2020 World Wonder Ring Stardom event

Stardom Sendai Cinderella 2020 (スターダム仙台シンデレラ2020, Sutādamu Sendai Shinderera 2020) was a professional wrestling event promoted by World Wonder Ring Stardom. It took place on November 15, 2020 in Sendai, Japan, at the Sendai Sun Plaza with a limited attendance due in part to the ongoing COVID-19 pandemic at the time.

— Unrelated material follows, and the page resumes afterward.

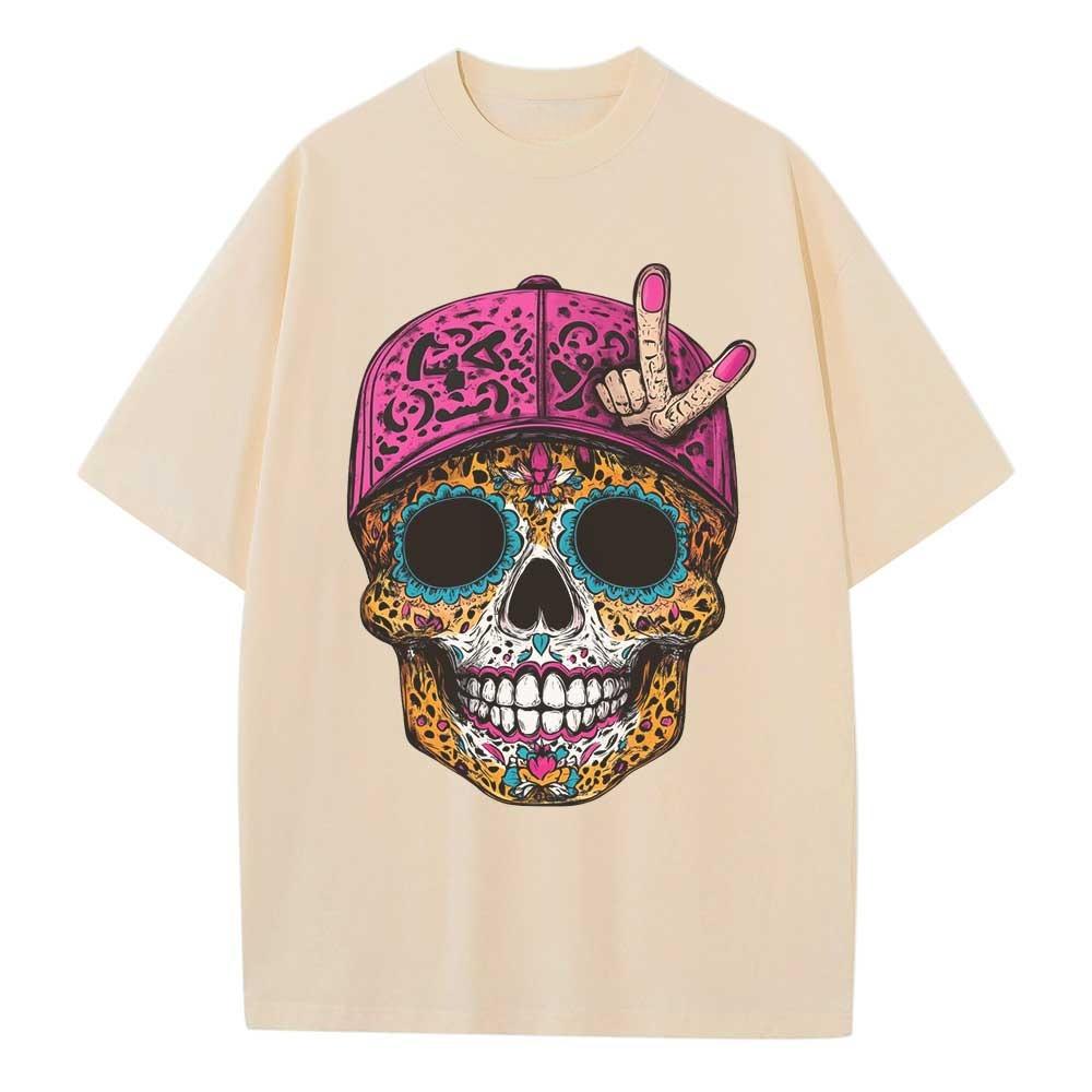 Летняя свободная футболка Хлопковая футболка с рисунком Дизайнерская одежда Леопардовый принт Рисунок черепа Плечо Ретро Нейтральный топ Футболка

Eight matches were contested at the event, including one on the pre-show, and five of Stardom's seven championships were on the line. The main event saw Utami Hayashishita defeat Mayu Iwatani to win the World of Stardom Championship. In other prominent matches, Giulia successfully retained the Wonder of Stardom Championship against Konami, and Syuri defeated Bea Priestley to win the SWA World Championship.

==Storylines==
The show featured eight professional wrestling matches that resulted from scripted storylines, where wrestlers portrayed villains, heroes, or less distinguishable characters in the scripted events that built tension and culminated in a wrestling match or series of matches.

===Event===
The first match of the night saw Donna Del Mondo's Maika retaining the Future of Stardom Championship over Stars' Saya Iida, where she scored her second defense in a row. In the next match, Starlight Kid came out victorious from a five-way confrontation against Hina, Saya Kamitani and Stars stablemate Hanan. Next, the Stars sub-unit of Cosmic Angels picked up a win over Natsuko Tora, Rina and Saki Kashima. The fourth match saw AZM defending her High Speed Championship against Gokigen death, securing her second defense in a row. The fifth match had Queen's Quest leader Momo Watanabe picking up a victory over the 2020 5Star GP runner up Himeka. Next, Syuri defeated Bea Priestley to win the SWA World Championship. The semi main-event portraited Giulia defeating Konami to retain the Wonder of Stardom Championship for the third time in a row.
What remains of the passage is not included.